In this day and age that’s come to seem almost quaint. From contriving disingenuous rationales for paroling hundreds of thousands of illegal immigrants to shifting hundreds of billions in student loan debt to the public in brazen defiance of the Supreme Court, the Biden-Harris administration has been typified by shameless, gleeful abuse of power.

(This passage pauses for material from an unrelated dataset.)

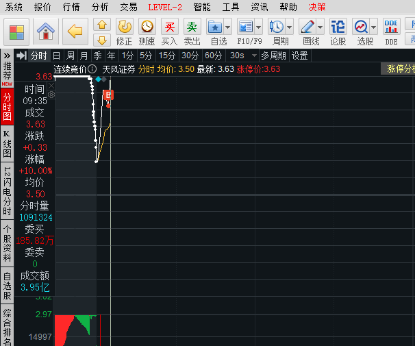 2、天风证券:3连板,证券龙头。开盘给到了非常有性价比的关注机会,这么好的机会必然是要关注的。以今天金融的拉升力度,明天一字或T字预期。

A vicious cycle has become entrenched in which Congress (or K Street, rather) lazily slaps together ambiguous legislation with the assurance that someone else will determine what it really means, which in turn encourages the executive branch to run ever further wild. But like us entitled brats on that school bus long ago, the administrative state didn’t know when to stop and finally went too far. I would much prefer to live in a society with a governing class who can be trusted with discretion, who deserve Chevron deference, but that’s not America’s governing class anymore, if it ever was.
All in all, the impact of the recent rulings might not be as dramatic as some fear and others hope. Previous decisions had already gradually whittled away at Chevron, which had arguably become largely symbolic, and much of the judiciary remains ideologically committed to rubberstamping whatever agencies say, at least when they like who the President is. The likeliest outcome is further grinding institutional paralysis and even more lucrative paydays for fancy law firms as endless appeals wind through the courts. Thoughtful majoritarian policy benefiting the American people remains but a distant dream.
Dumping Chevron is a tragedy, but retaining it after so many abuses would be even worse. If there’s any way forward, of cultivating good faith and restoring public trust, it will have to come from hard-earned legislative consensus rather than cheap executive fiat.
Next: Bushleaguer
I'll take the symbolic win. As the former executive director of a non-profit that fought against excessive Federal regulation, I came to despise the arrogant unelected bureaucrats who run most federal agencies. More than once I sat in an office with one of these asshats while they triple dog dared us to sue if we didn't like their tortured interpretation of a statute. Anything, even symbolic, that puts these rascals behind the 8 ball is just fine by me. Great article. Cheers.
The sue and settle stratagem is incredibly corrosive - we literally make decisions that no one is responsible for, and no one can overrule.
One recent stupendous overreach was the declaration of 28 million acres of BLM land in Alaska off limits to development. For those unversed in the nuances of the law, The Alaska National Interest Lands Conservation Act (ANILCA) is a United States federal law signed by President Jimmy Carter on December 2, 1980. ANILCA provided varying degrees of special protection to over 157,000,000 acres of land. One provision of ANILCA was the "No More" clause. That means no more land, zero acres, can be withdrawn from development in Alaska. What BLM is doing is therefore black letter law illegal.
I think the only thing we can do is devolve power back to states. There is no reason the federal government should own 28 million acres of land in Alaska, or that outside environmental groups should have any say whatsoever in its disposition. Give the land to the states and allow them to utilize as they best see fit. The BLM devolves down to a small agency, with a very limited portfolio.